Materials provided:
▼

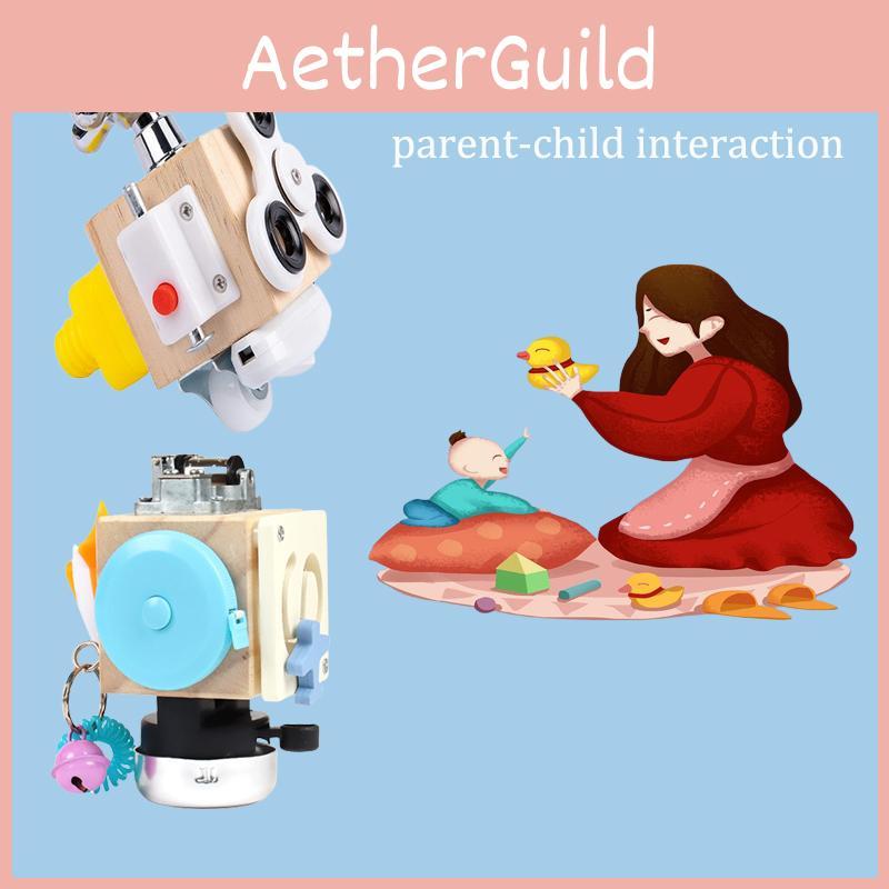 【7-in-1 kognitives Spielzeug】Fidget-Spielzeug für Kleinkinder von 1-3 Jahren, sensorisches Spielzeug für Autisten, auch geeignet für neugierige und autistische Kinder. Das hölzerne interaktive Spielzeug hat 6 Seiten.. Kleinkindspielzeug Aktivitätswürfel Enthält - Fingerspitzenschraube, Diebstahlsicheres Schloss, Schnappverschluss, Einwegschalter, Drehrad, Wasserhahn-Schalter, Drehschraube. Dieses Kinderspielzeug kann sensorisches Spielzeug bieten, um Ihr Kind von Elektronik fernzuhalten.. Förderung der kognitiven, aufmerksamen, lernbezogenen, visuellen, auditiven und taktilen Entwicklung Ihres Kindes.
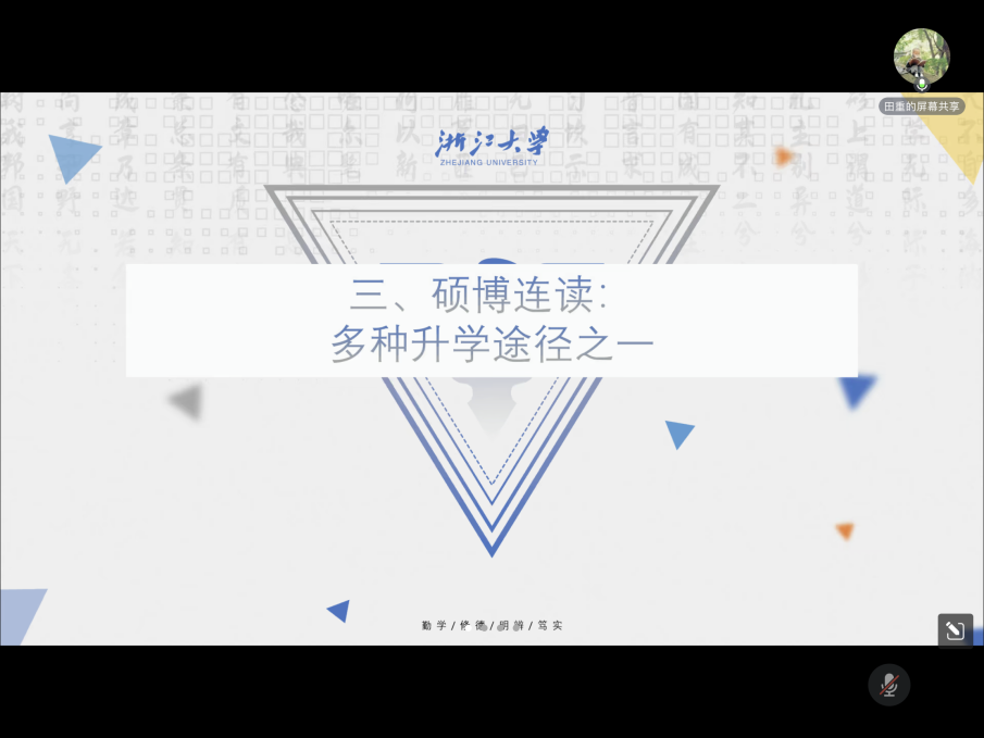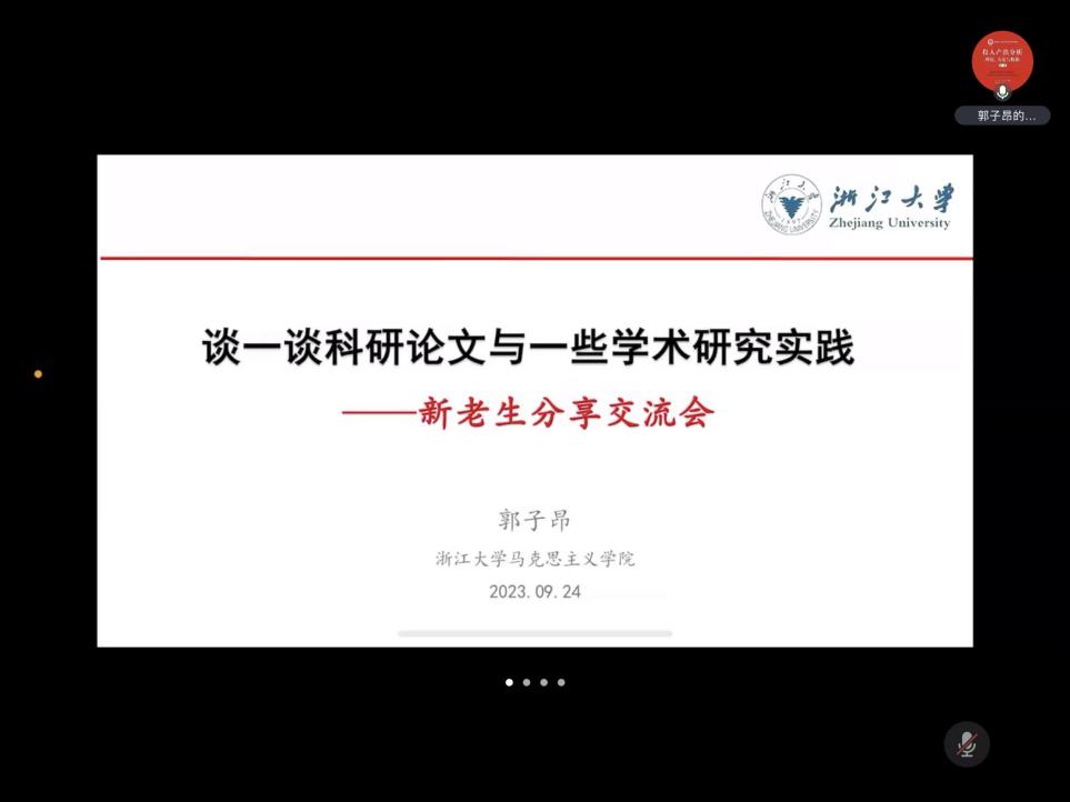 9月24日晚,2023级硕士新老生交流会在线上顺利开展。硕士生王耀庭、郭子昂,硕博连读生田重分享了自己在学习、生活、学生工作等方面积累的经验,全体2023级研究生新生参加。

▲
▼

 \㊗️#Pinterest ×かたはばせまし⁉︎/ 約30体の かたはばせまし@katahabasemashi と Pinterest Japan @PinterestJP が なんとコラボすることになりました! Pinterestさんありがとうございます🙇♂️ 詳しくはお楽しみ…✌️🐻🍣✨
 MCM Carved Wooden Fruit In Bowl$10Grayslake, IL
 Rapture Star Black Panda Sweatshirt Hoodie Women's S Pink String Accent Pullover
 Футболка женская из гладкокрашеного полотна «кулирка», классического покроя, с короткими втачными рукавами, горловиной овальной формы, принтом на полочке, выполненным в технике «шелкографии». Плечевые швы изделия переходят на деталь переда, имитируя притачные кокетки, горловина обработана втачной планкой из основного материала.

▲
▼

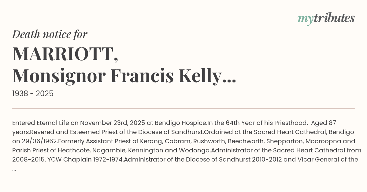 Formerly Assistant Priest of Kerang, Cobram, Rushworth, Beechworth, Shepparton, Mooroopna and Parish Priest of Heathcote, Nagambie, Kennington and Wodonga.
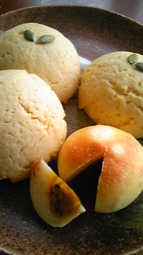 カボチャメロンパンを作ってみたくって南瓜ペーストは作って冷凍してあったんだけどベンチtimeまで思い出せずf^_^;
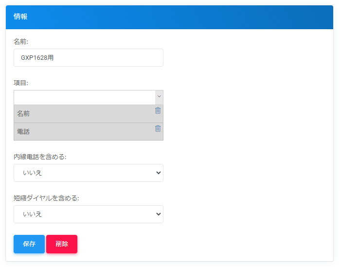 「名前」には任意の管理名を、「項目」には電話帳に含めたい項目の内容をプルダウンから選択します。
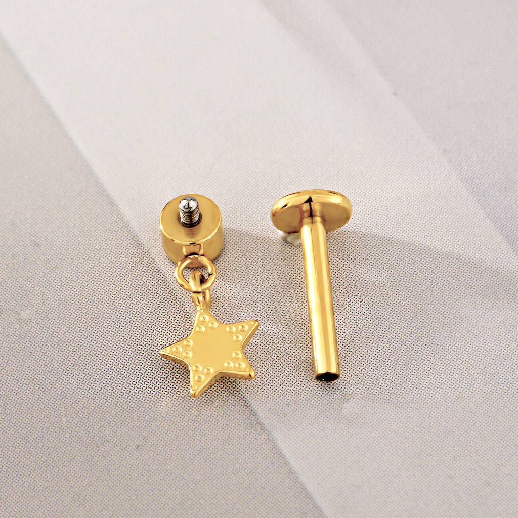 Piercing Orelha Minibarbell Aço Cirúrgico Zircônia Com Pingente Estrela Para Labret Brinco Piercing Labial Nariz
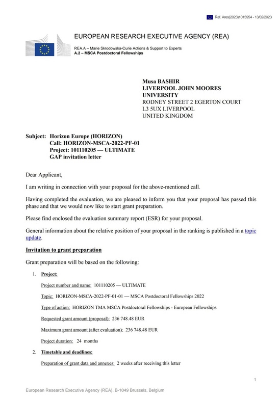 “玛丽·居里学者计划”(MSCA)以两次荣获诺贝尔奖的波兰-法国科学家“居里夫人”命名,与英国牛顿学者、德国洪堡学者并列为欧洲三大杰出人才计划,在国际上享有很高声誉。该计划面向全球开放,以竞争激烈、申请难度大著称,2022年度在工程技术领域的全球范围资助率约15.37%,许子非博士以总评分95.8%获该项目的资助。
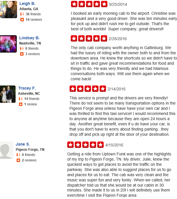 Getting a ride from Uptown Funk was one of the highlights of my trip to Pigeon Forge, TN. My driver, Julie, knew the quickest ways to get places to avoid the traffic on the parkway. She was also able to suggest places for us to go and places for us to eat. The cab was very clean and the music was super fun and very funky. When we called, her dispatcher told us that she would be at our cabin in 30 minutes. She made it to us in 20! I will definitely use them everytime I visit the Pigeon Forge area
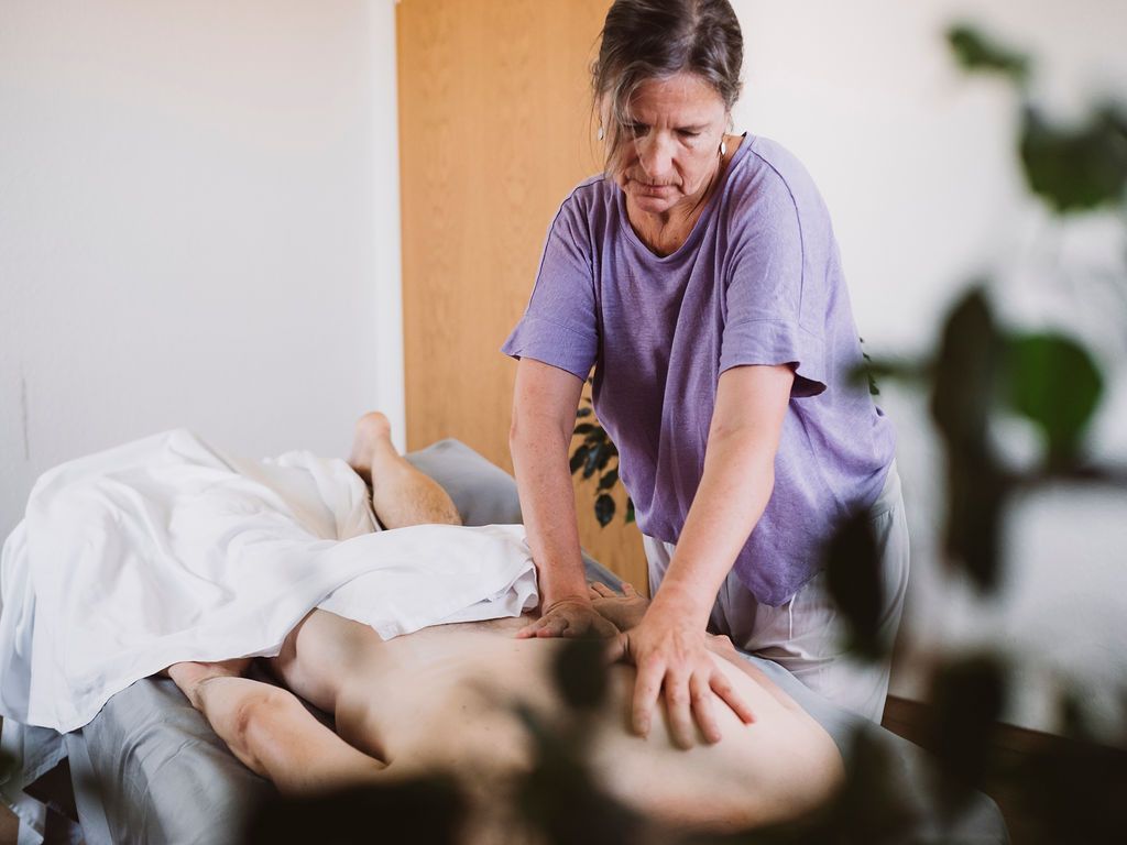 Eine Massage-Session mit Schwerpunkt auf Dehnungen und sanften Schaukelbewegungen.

▲

Work instructions:
Retype only the stretch of lines above starting at the one with "なんとコラボすることになりました! Pinterestさんありがとうございます🙇♂️ 詳しくはお楽しみ…✌️🐻🍣✨" and stopping at the one with "Rapture Star Black", exactly as written, with both kept.

Written answer:
 \㊗️#Pinterest ×かたはばせまし⁉︎/ 約30体の かたはばせまし@katahabasemashi と Pinterest Japan @PinterestJP が なんとコラボすることになりました! Pinterestさんありがとうございます🙇♂️ 詳しくはお楽しみ…✌️🐻🍣✨
 MCM Carved Wooden Fruit In Bowl$10Grayslake, IL
 Rapture Star Black Panda Sweatshirt Hoodie Women's S Pink String Accent Pullover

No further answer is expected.